G. MAESTRE, S/C de Tenerife
Con la publicación en el Boletín Oficial de Canarias (BOC) del proyecto de decreto por el que se acuerda iniciar el procedimiento de elaboración de las directrices de ordenación de las telecomunicaciones, el Gobierno de Canarias añade leña al fuego que desde hace varios años enfrenta a numerosos grupos vecinales y a las compañías de telefonía móvil por la colocación de antenas de gran potencia en los núcleos urbanos, ya que, entre otros criterios reguladores, se apuesta por "promover la instalación de líneas de alta capacidad, servicios de banda ancha y otros medios de mejora de la efectividad de las comunicaciones".
Además, velará porque en los suelos destinados a actividades productivas y los estratégicos se incluyan estos elementos radioeléctricos en la planificación, aunque también alude a que la leyes de edificaciones y viviendas introduzcan estas infraestructuras como propias de la urbanización, de manera que los edificios estén preparados desde su construcción para albergar estos dispositivos.
Asimismo, establece como objetivo "asegurar el desarrollo de la sociedad canaria y de su entorno económico y social garantizando el acceso de calidad por parte de ciudadanos y empresas a los servicios actuales y futuros de nuevas tecnologías de la información y la comunicación, garantizando para ello la cobertura de las telecomunicaciones en todas las islas por igual".
Obviamente, la reacción de los colectivos de afectados o contrarios a la cercanía de las antenas de móviles han puesto el grito en el cielo. "Primero porque la propia norma contempla que, tanto duran-te la fase de redacción, como del avance, como para su aprobación inicial, se realizarán contactos en la forma más amplia posible con las administraciones, instituciones y organizaciones sociales, y no tengo constancia ni de que se nos haya llamado a nosotros (Plataforma de Afectados de Antenas de Telefonía Móvil de Canarias) ni a ninguna otra", explica el secretario de Planmocan, Antonio Porras.
Y es que, aunque el último punto del artículo 5 dedicado a la participación alude a que se recabará la participación expresa de las principales asociaciones ecologistas, empresariales, sindicales, colegios profesionales, operadores de telecomunicaciones y de cualquier otra organización que tenga conocimientos específicos sobre la materia o cuyos intereses se pudieran ver afectados, hasta la fecha no se ha invitado a ninguna asociación contraria a las antenas de telefonía móvil a participar en esta normativa "y ni siquiera nos avisaron de su publicación, de manera que tuvimos que ir nosotros directamente a la Dirección General de Telecomunicaciones y Nuevas Tecnologías para que nos dejaran ver el documento", señala Porras.
Concretamente, Planmocan alu-de a que "este decreto nos ha disgustado, porque el Gobierno ni si-quiera considera el principio de precaución, es decir, contemplar la posibilidad de que potencialmente todas las emisiones radioeléctricas, sean de antenas de telefonía móvil o de otro tipo, son peligrosas, y an-te esa posibilidad establecer mecanismos de seguridad y prevención para la población.
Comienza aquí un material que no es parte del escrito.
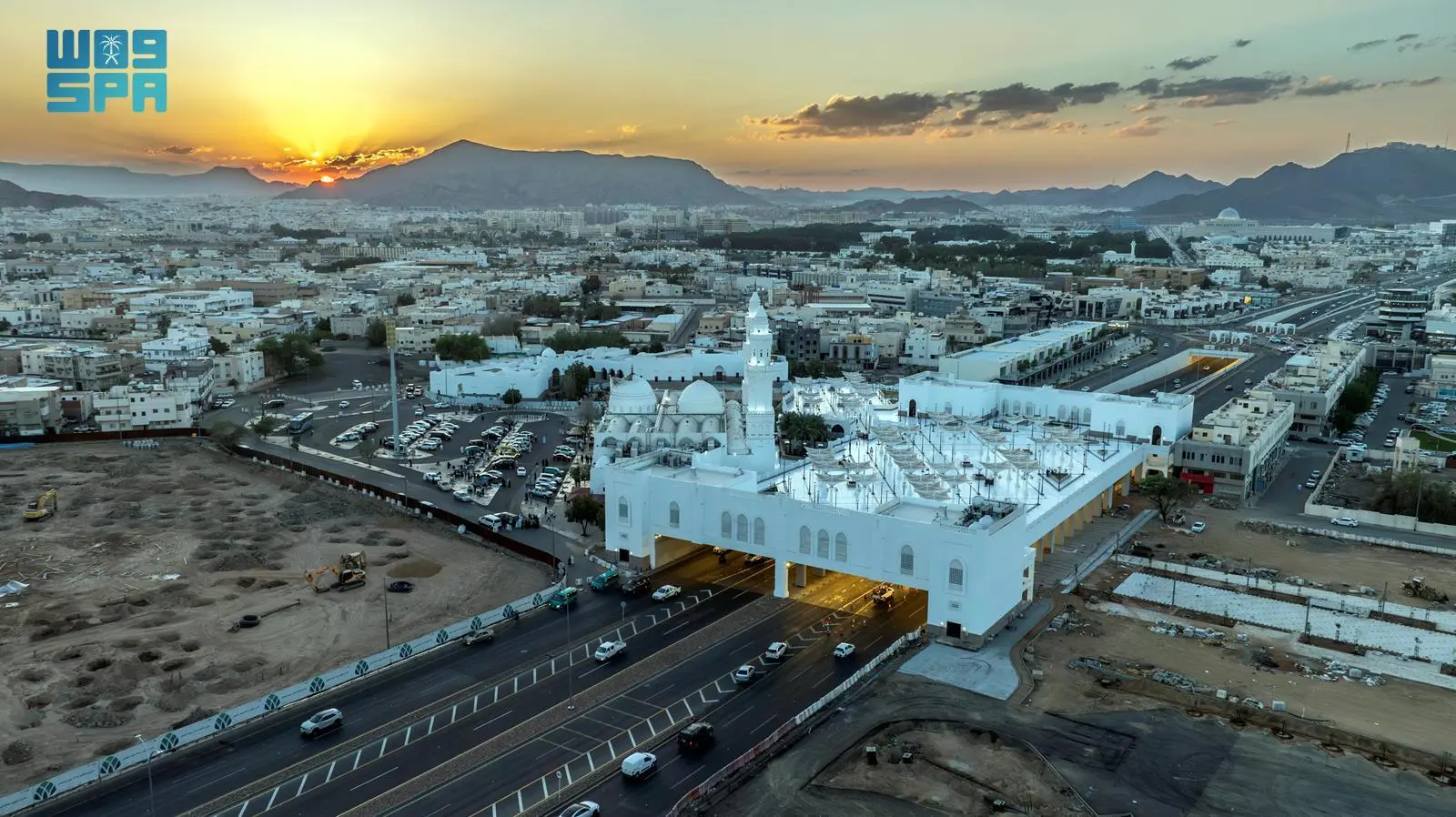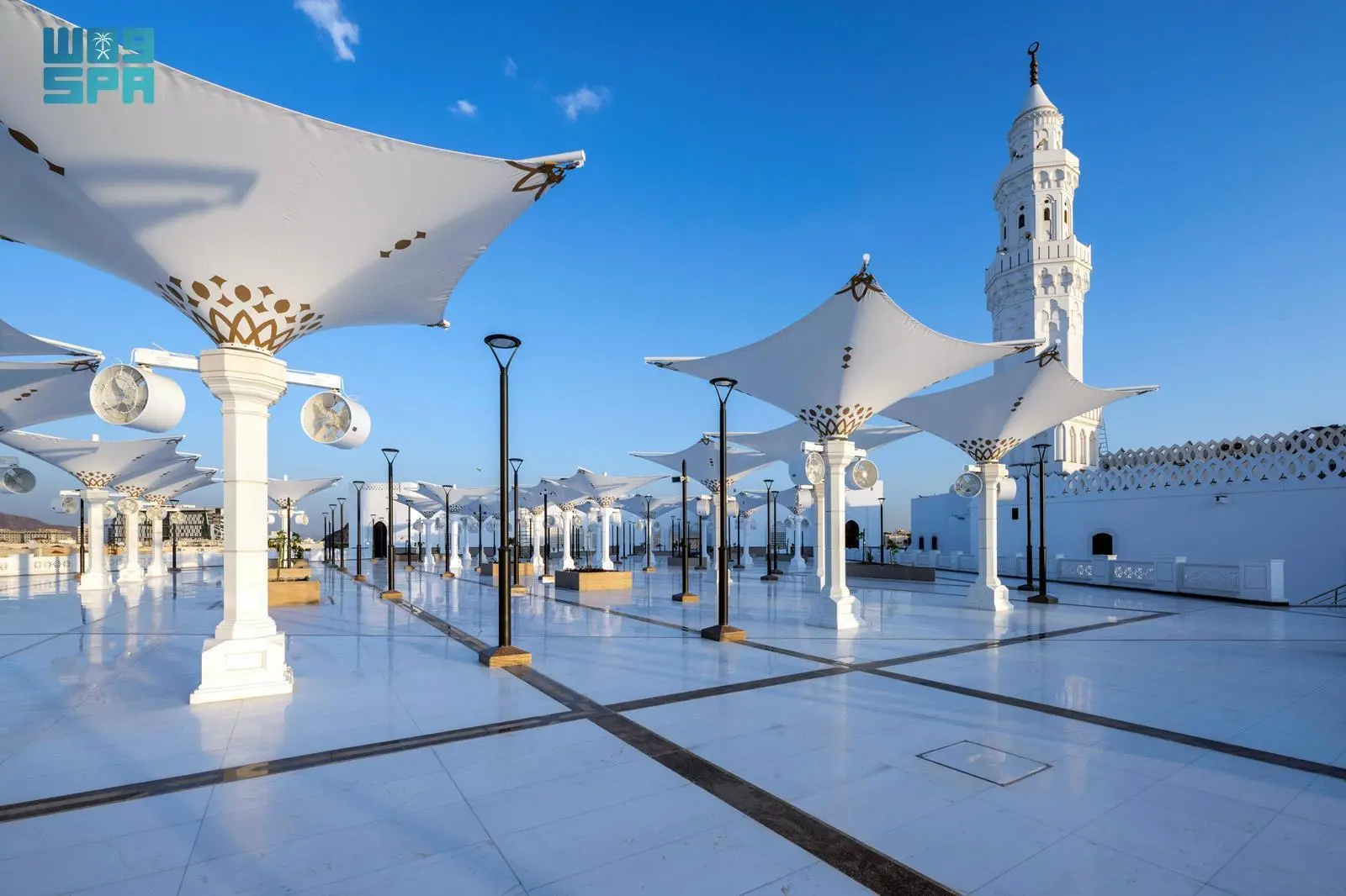 ونُفذ المشروع تحت إشراف هيئة تطوير منطقة المدينة المنورة، ليكون نموذجًا معماريًا يجمع بين الأصالة التاريخية والهوية الإسلامية، والتقنيات الحديثة في البناء والخدمات، حيث تبلغ المساحة الإجمالية للموقع أكثر من (265) ألف مترٍ مربعٍ، فيما تتجاوز مساحة المسجد (3900) مترٍ مربعٍ، بطاقة استيعابية تفوق (20) ألف مصلٍ، مع توفير أكثر من (300) موقفٍ للحافلات والسيارات، إلى جانب تركيب أكثر من (50) مِظلة مزودة بـ (100) مروحة رذاذ، تُسهم في تلطيف الأجواء، وتصميمٍ حديثٍ للممرات والساحات، يُعزّز انسيابية الحركة، ويُهيئ بيئة مريحة للمصلين والزوار.

Desde las operadoras se nos intenta desprestigiar y quitar importancia a nuestras denuncias alegando que todo el mundo usa en su casa el microondas y que por eso nadie piensa que enferme; pero es que se utiliza sólo unos minutos, mientras que una antena encima de una vivienda está funcionando todos los días del año a todas las horas".
Más concretamente, esta organización asegura que "el Gobierno de Canarias debe cumplir el artículo 43 de la Constitución que reconoce el derecho a la protección de la salud", y también cumplir con el principio de protección, que se basa en que "aunque no se ha demostrado la inocuidad ni lo perjudicial de las antenas, fundamentalmente por la dificultad de establecer la causa que genera esos efectos, se deben considerar todos estos sistemas radioeléctricos potencialmente peligrosos y prevenir el contacto de forma continuada de cualquier ser vivo con ellos".
Por su parte, las tres compañías de telefonía móvil que operan en las Islas han manifestado su apoyo al decreto, ya que "en Canarias es necesario que se articulen medidas que permitan garantizar que todas las personas reciben el servicio con la misma calidad y, ahora mismo, la calidad del servicio es deficiente debido a la negativa de los ayuntamientos a conceder nuevas licencias para la instalación de antenas".